One by-product of COVID that I would like to see continue is virtual programming. What a gift it’s been to watch work in other parts of the country from my living room! What that has done for accessibility is extraordinary. At Cahoots, from 2020 to 2022 we were able to open up our artist development programs to people from BC to Newfoundland. That is absolutely amazing. I also saw that when theatre returned, a lot of people jettisoned the idea of 6-day rehearsal weeks and 10/12 tech days. If that’s what people need to do to be healthy and not burn out, that’s a good thing. I don’t know why as theatre artists we feel that we have to martyr ourselves for the work. We think that we’re not rigorous or serious if we’re not doing insane hours. Or we believe that because we may not have steady work 52 weeks a year, that when we do have it we have to absolutely kill ourselves. None of that is true.
I think the pandemic has also allowed people to strike more of a work/life balance, as so many people by necessity began working from home and then realized how much easier it was for them to structure their lives by doing so. Companies should continue to be truly open to that. In addition, things like 4-day work weeks and accommodations for child care and caregiver needs have become part of the mainstream conversation. That is SO promising. We carry so much in everyday life; in a pandemic, stresses are amplified. Last year we created a Compassionate Care Fund at Cahoots and it is a budget line on every piece of programming that we do.
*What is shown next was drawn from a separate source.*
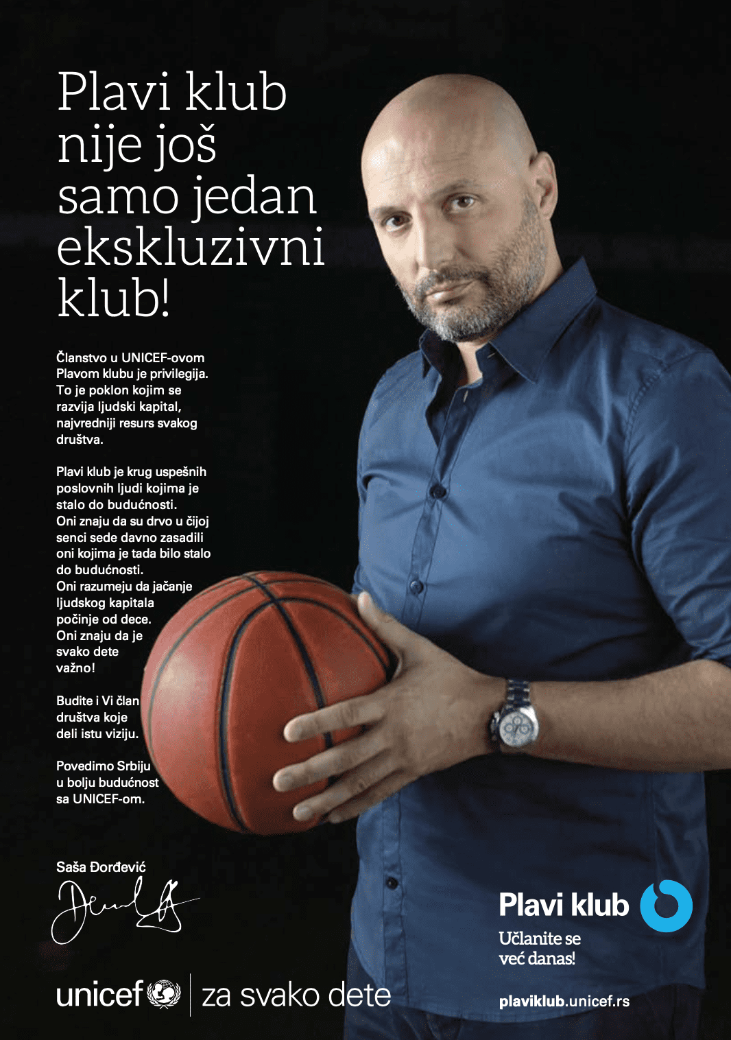„Samo zajedno možemo da stvorimo jednake šanse za svako dete i zato vas pozivam da aktivirate svoje članstvo u Plavom klubu UNICEF-a“, izjavio je Aleksandar Saša Đorđević.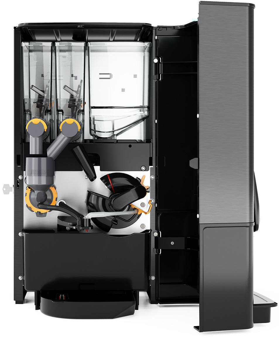 Pekskärmen meddelar om underhållsbehov. Till exempel när sumpbehållaren måste tömmas, avkalkning krävs och när bryggaren måste rengöras. Dessutom minimerar det unika hetvattensystemet kalkbeläggning. Det resulterar i mindre underhåll.

Needing a babysitter or not having bus fare shouldn’t stunt a career. I hope that some of the thoughtfulness and consideration that has begun sector-wide, in terms of how we can honour and integrate all facets of our lives in a more complementary and congruent way, can continue. It is our life’s work in this industry to explore the human condition, is it not? It only follows that taking care of each other should be something we do naturally—in the classroom, the rehearsal hall, or wherever we gather to tell the stories of who we are.